## WORK INSTRUCTION
Please return the full listing word for word, leaving out any pictures.

## RECORDED DATA
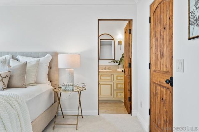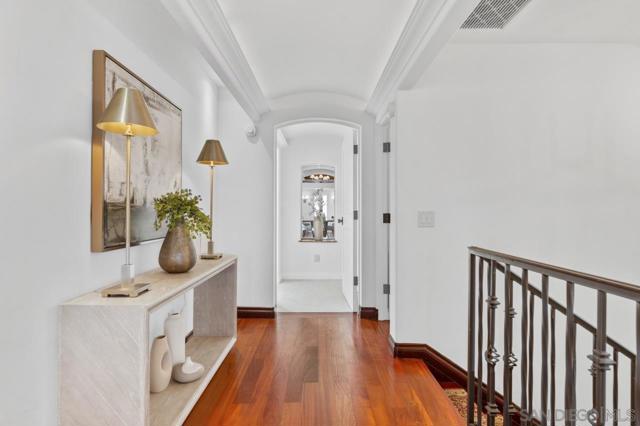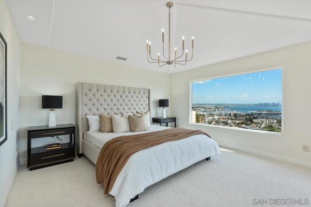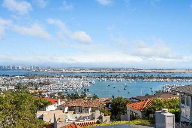 At 3235 Harbor View Drive, the name isn't aspirational; it's an understatement. This expansive Mediterranean, five-bedroom Point Loma residence commands a rare, sweeping panorama. Mountain sunrises unfold across Shelter Island's mast-lined marinas and expand over the glittering expanse of San Diego Bay and the Pacific beyond. Virtually every room is framed by a different chapter of that view. A true chef's kitchen, outfitted with high-end appliances, and ample cabinetry, fuses with a living space designed for the kind of gatherings where nobody wants to leave. A dedicated office overlooks the bay, turning the daily grind into something closer to meditation. Thoughtful details elevate the everyday: a built-in dumbwaiter ferries groceries from the attached garage level up to kitchen, and a second detached garage off the rear alley is ideal for additional vehicles or future creative use. Architectural details elevate the experience at every turn, from softly arched barreled hallways that guide you through the home to wrought iron Juliet balconies that frame the bay and invite in ocean breezes. Step outside to a spacious view patio and an enchanting, private yard, and you begin to understand why this address delivers an unmatched lifestyle. All of this is just minutes from Liberty Station’s dining and arts scene, the beaches of Sunset Cliffs, highly regarded schools, local yacht clubs and downtown San Diego. This is not simply a home with an incredible view. It is a front-row seat to the best of Point Loma living: elevated, private, and endlessly inspiring. Soaring vaulted ceilings with exposed wood beams lend the open kitchen, dining, and living areas a warmth and scale that few homes on the peninsula can match. Rich hardwood floors carry through the primary living spaces. The kitchen centers on a curved, furniture-grade island with granite countertops and a professional-grade Wolf six-burner range. The office is a showpiece in its own right: ornate pressed-tin coffered ceiling panels in a copper finish, dark wood millwork, built-in library shelving, and dual French doors opening onto a pair of wrought iron Juliet balconies overlooking the bay. A wet bar and additional seating area are just outside the office. The primary suite's walk-in closet features custom built-in cabinetry and skylights, while the en suite bath is finished with natural stone countertops and crystal sconces. Outdoor living unfolds across multiple levels, including a pergola-shaded Saltillo tile courtyard with vine-covered lattice privacy walls and lantern lighting, plus a separate terracotta-tiled balcony overlooking the yard. Mature tropical landscaping, towering palms, a columned entry portico, and a wrought iron pedestrian gate complete a property where the craftsmanship was considered as carefully as the address.
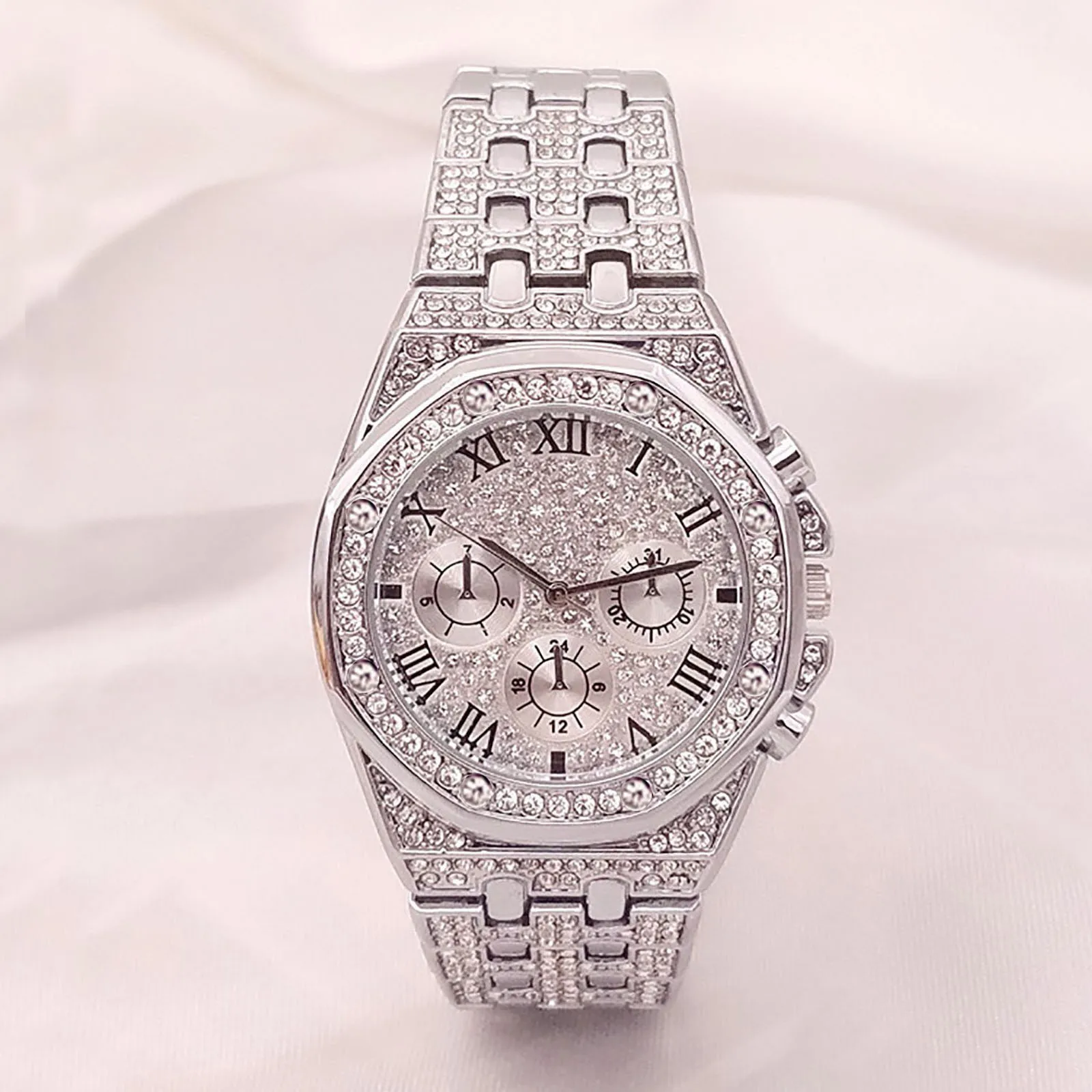Роскошные Кварцевые часы унисекс с бриллиантами и ремешком из нержавеющей стали
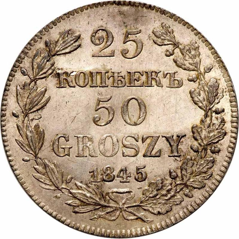 25 Kopeks - 50 Groszy 1845 MW (Poland, Russian protectorate)
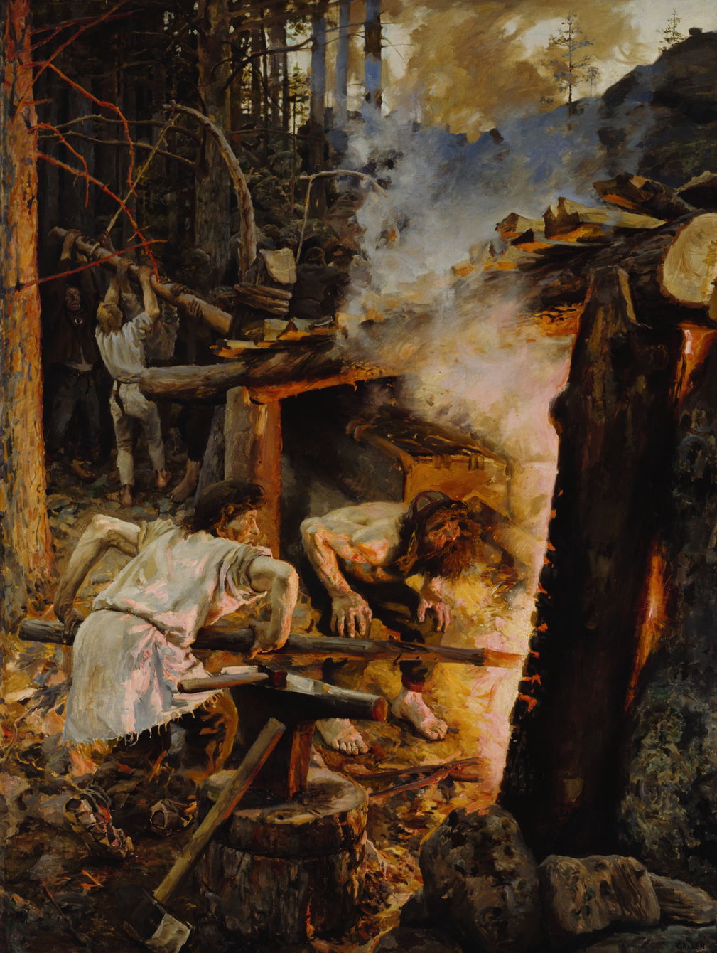 Forging of the Sampo (1893) is Gallen-Kallela’s first depiction of this central event in the Kalevala, described in Song 10. Väinämöinen returns home, and urges Ilmarinen to go to court the Maiden of Pohjola, who can be won by forging a Sampo – a mysterious talisman whose nature remains undefined. When Ilmarinen refuses, Väinämöinen uses magic to transport him to Pohjola in a whirlwind. Once there, Ilmarinen forges the Sampo, but the Maiden of Pohjola declines his offer of marriage, leaving him to return home disconsolate.
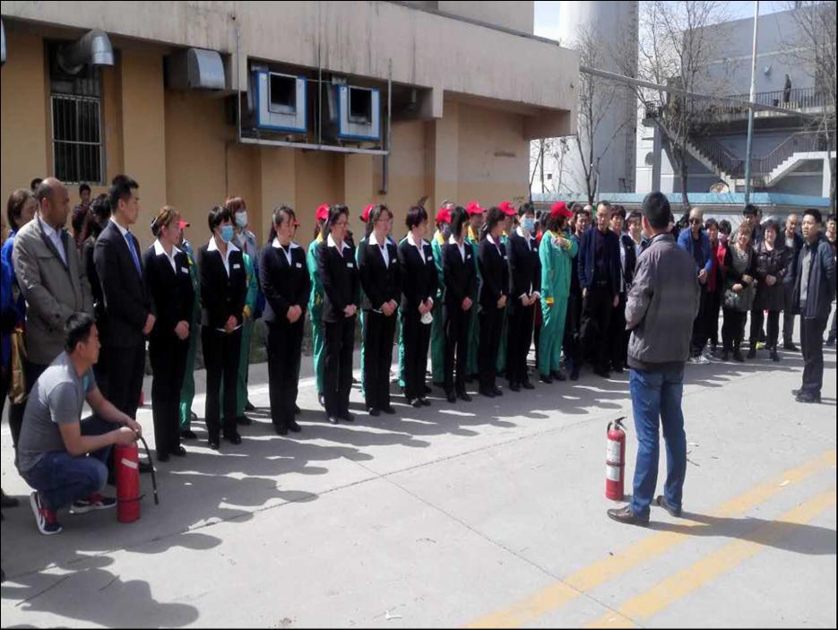 最后,在兰竹苑餐厅东面,组织培训全体员工进行灭火器使用实际操作演练,让员工进一步熟悉并掌握了灭火器的使用方法和扑救初起火源的方法。
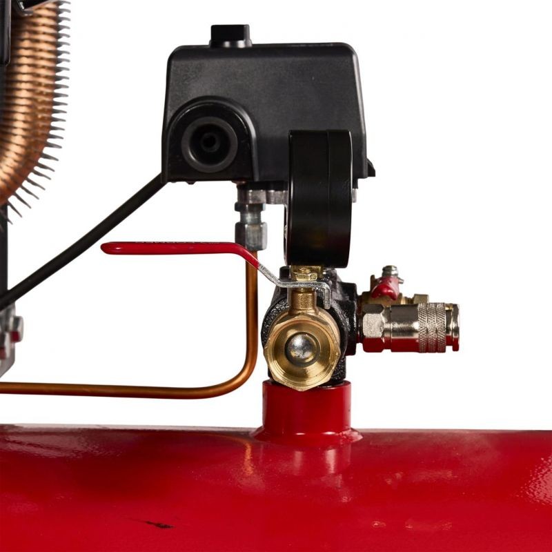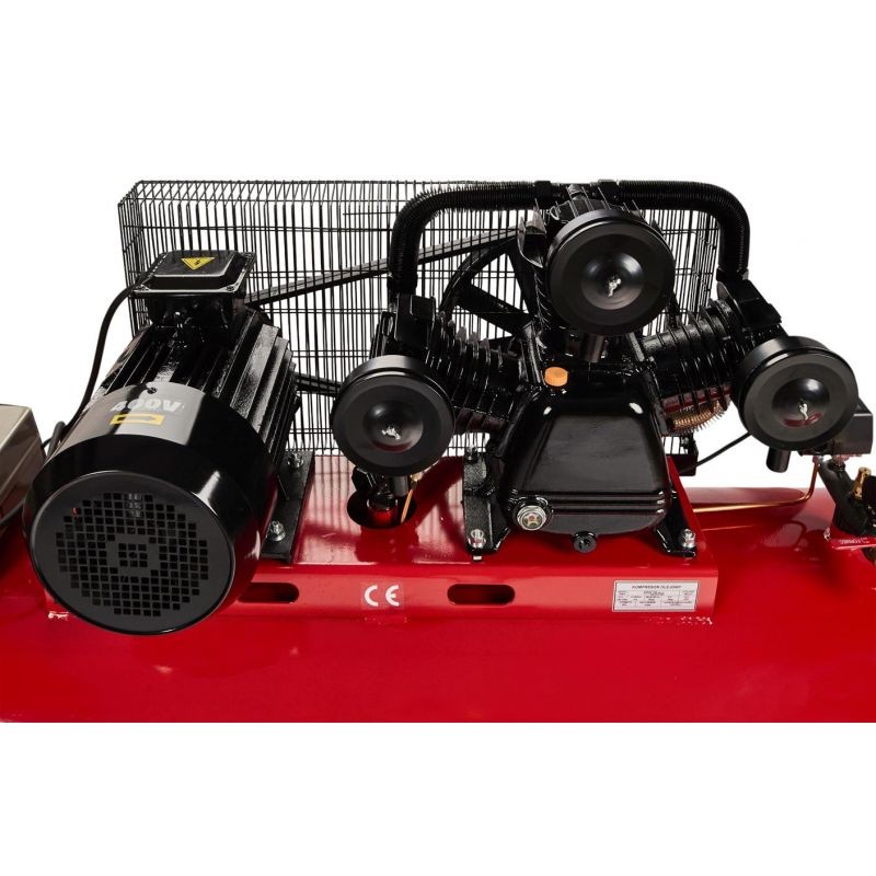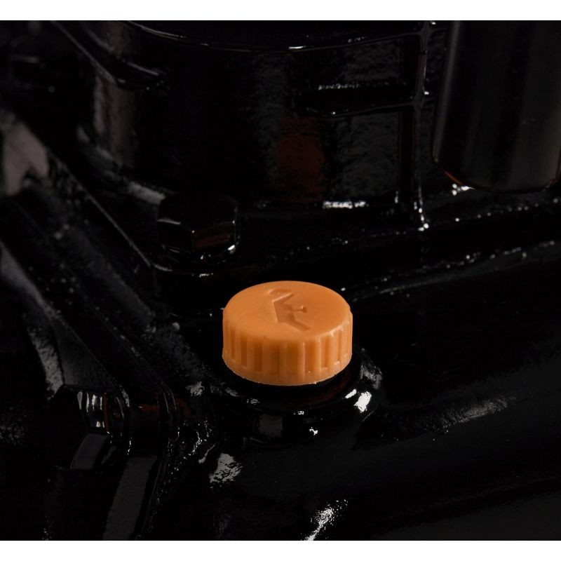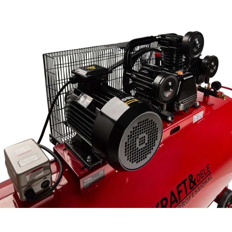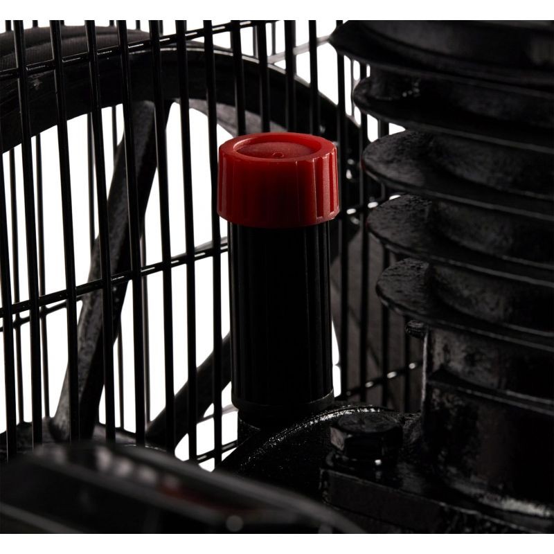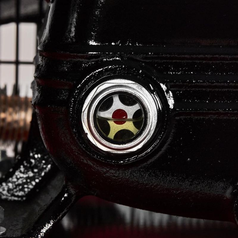 Компрессор оснащен тремя поршнями и чугунными цилиндрами, что обеспечивает высокую прочность, стабильную работу и эффективное охлаждение. Маслоотделитель с редуктором эффективно удерживает воду и масло из отработанного воздуха, улучшая работу подключенных пневматических инструментов. Реле давления защищает двигатель от перегрузки и перегрева.

## ANSWER SECTION
 At 3235 Harbor View Drive, the name isn't aspirational; it's an understatement. This expansive Mediterranean, five-bedroom Point Loma residence commands a rare, sweeping panorama. Mountain sunrises unfold across Shelter Island's mast-lined marinas and expand over the glittering expanse of San Diego Bay and the Pacific beyond. Virtually every room is framed by a different chapter of that view. A true chef's kitchen, outfitted with high-end appliances, and ample cabinetry, fuses with a living space designed for the kind of gatherings where nobody wants to leave. A dedicated office overlooks the bay, turning the daily grind into something closer to meditation. Thoughtful details elevate the everyday: a built-in dumbwaiter ferries groceries from the attached garage level up to kitchen, and a second detached garage off the rear alley is ideal for additional vehicles or future creative use. Architectural details elevate the experience at every turn, from softly arched barreled hallways that guide you through the home to wrought iron Juliet balconies that frame the bay and invite in ocean breezes. Step outside to a spacious view patio and an enchanting, private yard, and you begin to understand why this address delivers an unmatched lifestyle. All of this is just minutes from Liberty Station’s dining and arts scene, the beaches of Sunset Cliffs, highly regarded schools, local yacht clubs and downtown San Diego. This is not simply a home with an incredible view. It is a front-row seat to the best of Point Loma living: elevated, private, and endlessly inspiring. Soaring vaulted ceilings with exposed wood beams lend the open kitchen, dining, and living areas a warmth and scale that few homes on the peninsula can match. Rich hardwood floors carry through the primary living spaces. The kitchen centers on a curved, furniture-grade island with granite countertops and a professional-grade Wolf six-burner range. The office is a showpiece in its own right: ornate pressed-tin coffered ceiling panels in a copper finish, dark wood millwork, built-in library shelving, and dual French doors opening onto a pair of wrought iron Juliet balconies overlooking the bay. A wet bar and additional seating area are just outside the office. The primary suite's walk-in closet features custom built-in cabinetry and skylights, while the en suite bath is finished with natural stone countertops and crystal sconces. Outdoor living unfolds across multiple levels, including a pergola-shaded Saltillo tile courtyard with vine-covered lattice privacy walls and lantern lighting, plus a separate terracotta-tiled balcony overlooking the yard. Mature tropical landscaping, towering palms, a columned entry portico, and a wrought iron pedestrian gate complete a property where the craftsmanship was considered as carefully as the address.
Роскошные Кварцевые часы унисекс с бриллиантами и ремешком из нержавеющей стали
 25 Kopeks - 50 Groszy 1845 MW (Poland, Russian protectorate)
 Forging of the Sampo (1893) is Gallen-Kallela’s first depiction of this central event in the Kalevala, described in Song 10. Väinämöinen returns home, and urges Ilmarinen to go to court the Maiden of Pohjola, who can be won by forging a Sampo – a mysterious talisman whose nature remains undefined. When Ilmarinen refuses, Väinämöinen uses magic to transport him to Pohjola in a whirlwind. Once there, Ilmarinen forges the Sampo, but the Maiden of Pohjola declines his offer of marriage, leaving him to return home disconsolate.
 最后,在兰竹苑餐厅东面,组织培训全体员工进行灭火器使用实际操作演练,让员工进一步熟悉并掌握了灭火器的使用方法和扑救初起火源的方法。
 Компрессор оснащен тремя поршнями и чугунными цилиндрами, что обеспечивает высокую прочность, стабильную работу и эффективное охлаждение. Маслоотделитель с редуктором эффективно удерживает воду и масло из отработанного воздуха, улучшая работу подключенных пневматических инструментов. Реле давления защищает двигатель от перегрузки и перегрева.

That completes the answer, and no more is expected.